Она не сразу открыла карты, а сначала присмотрелась к двойнику и убедилась, что он способен выполнить задуманный ею план. Только потом, когда следствие уже близилось к завершению, то есть к расстрелу, мама сказала мнимому Островскому, что может помочь ему стать настоящим. Он притворился, что не понял, но она напомнила ему, что у них не так много времени. «Если бы я хотела разоблачить тебя, то давно бы это сделала, — сказала она. — Но я хочу другого». Он спросил, чего, но она ответила, что прежде хочет узнать о судьбе настоящего Наума Григорьевича. И двойник рассказал ей, что произошло на испанском шоссе. И тогда мама предложила ему сделку. Она расскажет все, что знает о Науме Григорьевиче Островском — настоящем, каким тот был в действительности. Она научит его быть Островским — говорить, как Островский, ходить, как Островский, думать, как Островский. Она вот прямо сейчас готова написать Лизе, жене Островского, что настоящий Островский здесь, что он жив и здоров. А двойник в обмен постарается стать отцом для дочери Островского Ниночки. Будет писать ей письма от имени настоящего папы. Будет изображать любовь и обещать вернуться. Это не Бог весть какая услуга — напротив, кто здесь не хочет получать письма от жены и ребенка?
«Зачем тебе это?» — спросил двойник. «Для Ниночки, — ответила мама. — Я хочу, чтобы у ребенка был отец, пусть и ненадолго, пока тебя тоже не пустят в расход». Он ответил, что такой опыт у него есть и что в его затылок не так-то легко попасть.
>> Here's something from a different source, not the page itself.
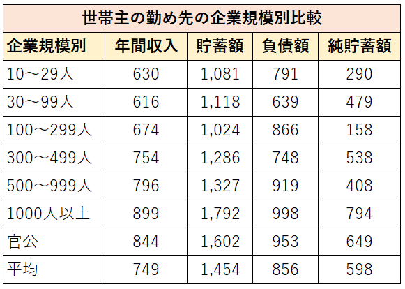 勤め先の企業規模別の負債現在高は以下の通りです。
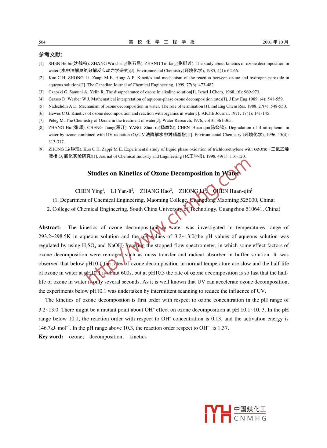 水中臭氧的分解动力学研究

Она сказала: «Тем более. Значит, я в тебе не ошиблась», — и они ударили по рукам. А месяц-другой спустя мы получили два письма: я — от мамы, а Лиза — от мужа. Мама писала, что встретила в Магадане Наума Григорьевича, что он перенес тяжелейшее ранение в голову и связанную с этим утрату памяти. Что сейчас он более-менее здоров и память мало-помалу возвращается, но с моторикой по-прежнему проблемы, и, в частности, это сказалось на почерке. Но пусть Лиза не сомневается: письма, которые она получит, будут написаны именно им.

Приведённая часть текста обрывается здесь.